(Material shown Opens)

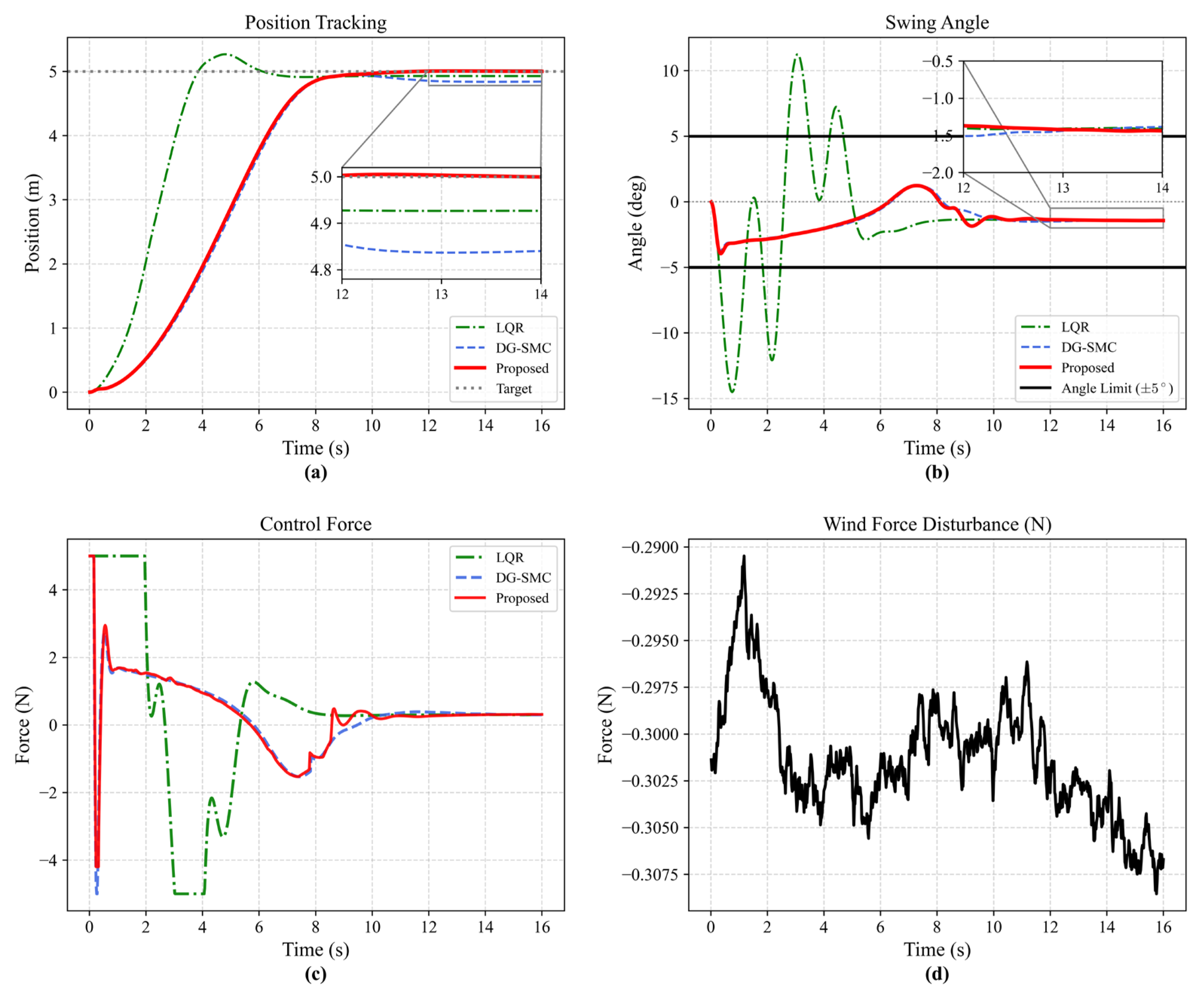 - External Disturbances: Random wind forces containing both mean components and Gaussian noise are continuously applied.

(Material shown Closes)
(Material shown Opens)

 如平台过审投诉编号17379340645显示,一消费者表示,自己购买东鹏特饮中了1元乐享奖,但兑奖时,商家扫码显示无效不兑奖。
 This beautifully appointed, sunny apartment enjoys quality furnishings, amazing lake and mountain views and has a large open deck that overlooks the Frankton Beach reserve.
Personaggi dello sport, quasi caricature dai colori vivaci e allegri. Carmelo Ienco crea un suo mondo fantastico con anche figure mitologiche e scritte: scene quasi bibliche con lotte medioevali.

(Material shown Closes)

● Exercise aim: The response should hold exactly the lines starting at the line with "This beautifully appointed, sunny" and ending at the line with "Personaggi dello sport, quasi", and no other line of the material above.

● Response below:
 This beautifully appointed, sunny apartment enjoys quality furnishings, amazing lake and mountain views and has a large open deck that overlooks the Frankton Beach reserve.
Personaggi dello sport, quasi caricature dai colori vivaci e allegri. Carmelo Ienco crea un suo mondo fantastico con anche figure mitologiche e scritte: scene quasi bibliche con lotte medioevali.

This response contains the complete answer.